O indígena desempenha um papel de grande relevância na formação de uma identidade nacional.


Mas não haverá reconhecimento enquanto o brasileiro não aprender a valorizar o que nossos ancestrais
preservaram para o bem da humanidade e, da mesma forma, não aprender que é preciso respeitar os povos
indígenas que sobrevivem há séculos esse genocídio sociocultural.

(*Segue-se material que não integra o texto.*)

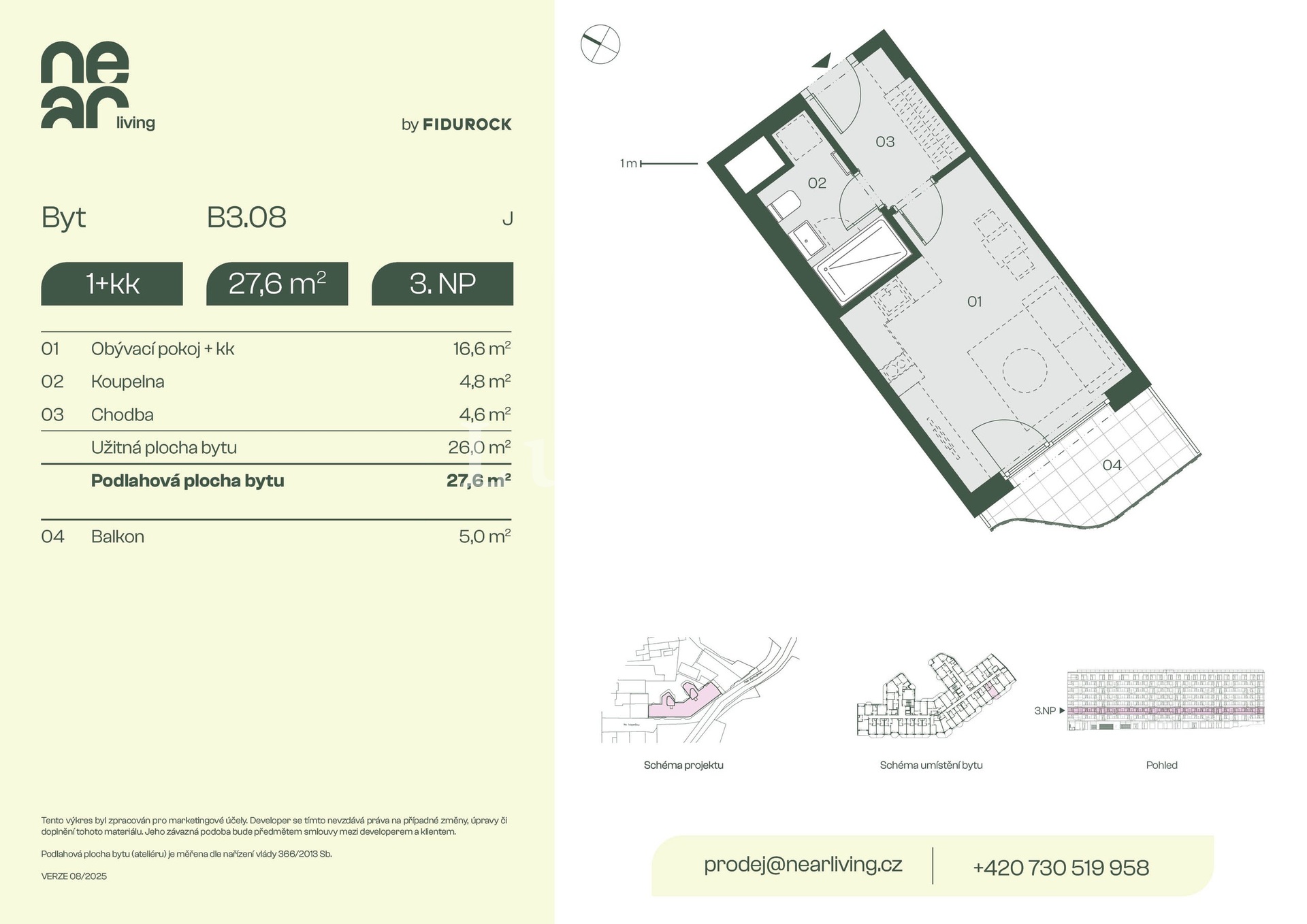 NL-B308 | 1+kk | 2. patro | 26 m2 | 28 m2 | Ne / 5 m2 / Ne | Ne | Rezervováno | Detail |
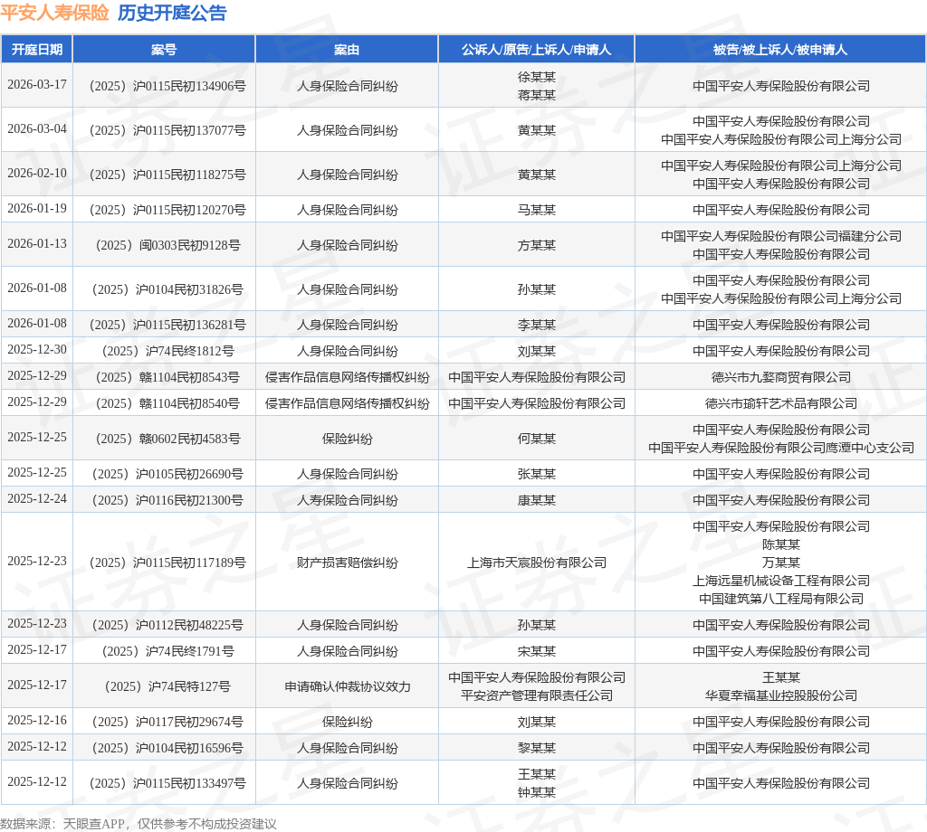 案号:(2025)沪0117民初29674号根据统计,近一年内以中国平安人寿保险股份有限公司为当事人的历史开庭公告有400则,其中案由为“人身保险合同纠纷”的公告以241则居首,其次为“保险纠纷”有36则,“保险代理合同纠纷”有35则。历史开庭公告(前20条)如下:

O canto tem um papel de grande importância na minha vida. Meus pais cantaram para mim o
canto dos meus ancestrais e eu preciso continuar cantando para que meus filhos cantem para os meus
netos e esses para os que virão depois. O meu canto é minha forma de luta, é minha maneira de fazer
política. Através dele espalho, como semente, a mensagem de que o meu povo resiste.
A cultura tem pautado minha trajetória enquanto indígena. Com ela trago os ensinamentos dos
meus ancestrais que são a voz de nossa identidade, nossa forma de ver o mundo e compreender que a
natureza vive em nós a sua plenitude. Com a força da cultura carregamos vivo em nosso espírito o canto
de quem veio antes de nós. Ela está em nossa luta diária para afirmar que não somos um fantasma do
passado, mas estamos presentes, exigindo a garantia de nossos direitos, entre eles o mais elementar de
todos que é o direito à vida.
A música nos torna imortal, pois viramos encantados sem precisar partir. Ela nos liga aos nossos
antepassados para nos conectar com o futuro, e isso nos enche de sabedoria e força para manter vivo o
canto e a luta. Precisamos cantar, pois o silêncio do mundo seria ensurdecedor sem a voz dos pássaros
no nascer do sol. Agora eu estou cantando para o mundo entender que todos nós, juntos, fazemos parte
da cura da terra. Somos todos da mesma Aldeia.